Re: Filespaces Table Question

2002-08-08 11:21:58
Subject: Re: Filespaces Table Question
From: Thomas Denier <Thomas.Denier AT MAIL.TJU DOT EDU>
To: ADSM-L AT VM.MARIST DOT EDU
Date: Thu, 8 Aug 2002 11:25:58 -0400
> I was wondering if anyone has a good definition of the CAPACITY value in the
> FILESPACES table. On the export from the DB all it has for a definition is
> "Capacity (MB)". I have been experimenting with this value in hopes of
> finding a way to measure how much disk space is in use, for example select
> SUM(CAPACITY * PCT_UTIL/100) form FILESPACES. However, this gives unexpected
> results on some systems. On one TSM server this reports 9000 TB. When I put
> a time range on the query, the results change.
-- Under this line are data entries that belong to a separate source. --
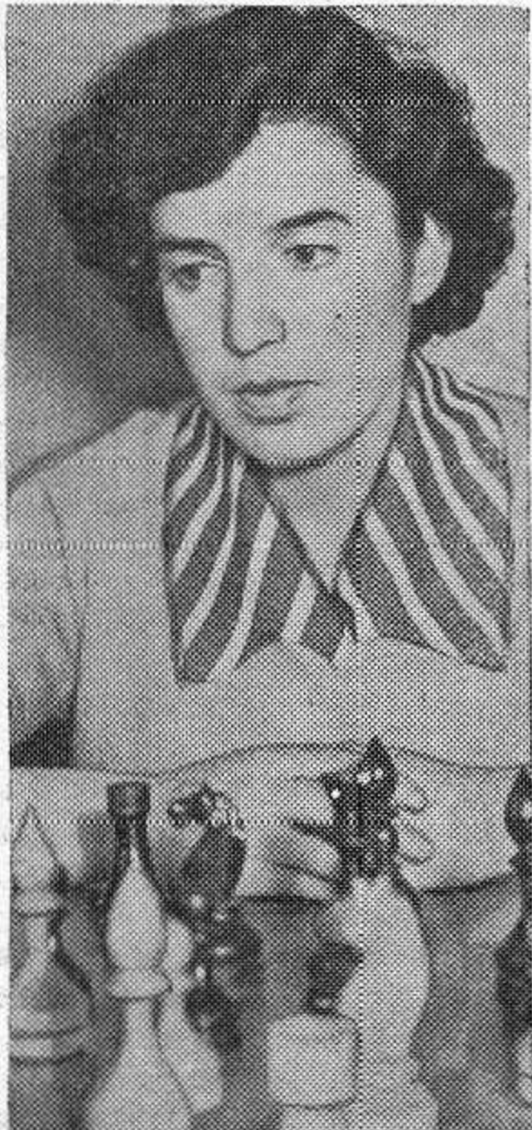
НОНА ГАПРИНДАШВИЛИ — ЧЕМПИОН МИРА ПО ШАХМАТАМ

Матч на первенство мира по шахматам между Елизаветой Быковой (Москва) и Ноной Гаприндашвили (Тбилиси) завершился убедительной победой молодой грузинской шахматистки (ей лишь недавно исполнился 21 год). Соперницам предстояло сыграть 16 партий. Интересно, что Гаприндашвили сыграла всего лишь две «лишние» партии, закончив соревнование уже на одиннадцатой встрече со счетом 9:2.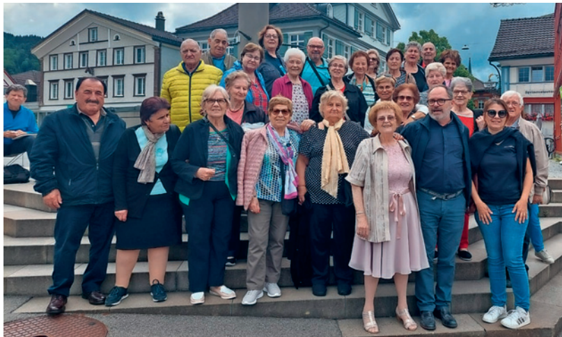
Gita Gruppo Donne e Terza età Uster

Orari di apertura tutte le mattine ore 8.30-12.00, pomeriggio (tranne mercoledì e venerdì) ore 14.30-18.00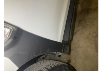
Çamurluk, sol, Nikelaj, ızgara > Çizik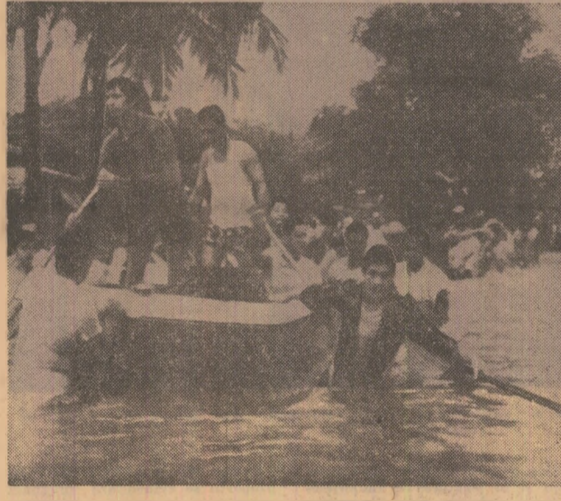
Inundațiile catastrofale care au avut loc recent în Porto Rico au provocat moartea a 153 de persoane și mari pagube materiale. În fotografie: echipe de salvare a sinistraților în acțiune.

După ce a afirmat premierul Iugoslav, actuala vizită a lui Iosip Broz Tito în unele țări europene, precum și vizita pe care președintele H.S.F. Iugoslavia urmează să o facă în decembrie a. c. în Italia sînt de mare importanță. Iugoslavia, a spus el în încheiere, ca țară europeană, trebuie să folosească intensiv climatul de încredere care se creează cu prilejul pregătirii conferinței privind securitatea europeană.

On the server that reported
> 9000TB unbounded, it reports 4GB with a 24 hour time range.

As far as I know, the client software asks the operating system what the
capacity is and sends the information to the TSM server, which stores it
in the database for possible future use in responding to select and query
commands. Hence, the definition of the capacity is whatever definition the
client operating system uses. For our Unix clients the capacity figures
reported by the TSM server exactly match the results of running a 'df -t'
command on the clients and dividing the numbers of allocated blocks by
2048. I don't know exactly how other types of clients determine nominal
capacities. The only times in the filespace tables are the starting and
ending times for the most recent incremental backup of each file space.
This suggests that you have one or more off the wall entries for file
spaces that are not being backed up anymore. I would suggest running
some select commands to search for the off the wall value, such as a
select for all file spaces with claimed capacities over 100 gigabytes.
If you find such an entry, it may well be due to strange behavior by
a client operating system rather than by TSM.

> My overall goal is to computer a Tape Occupancy / Used Disk Space ratio for
> reporting. Perhaps there is a better way to do this?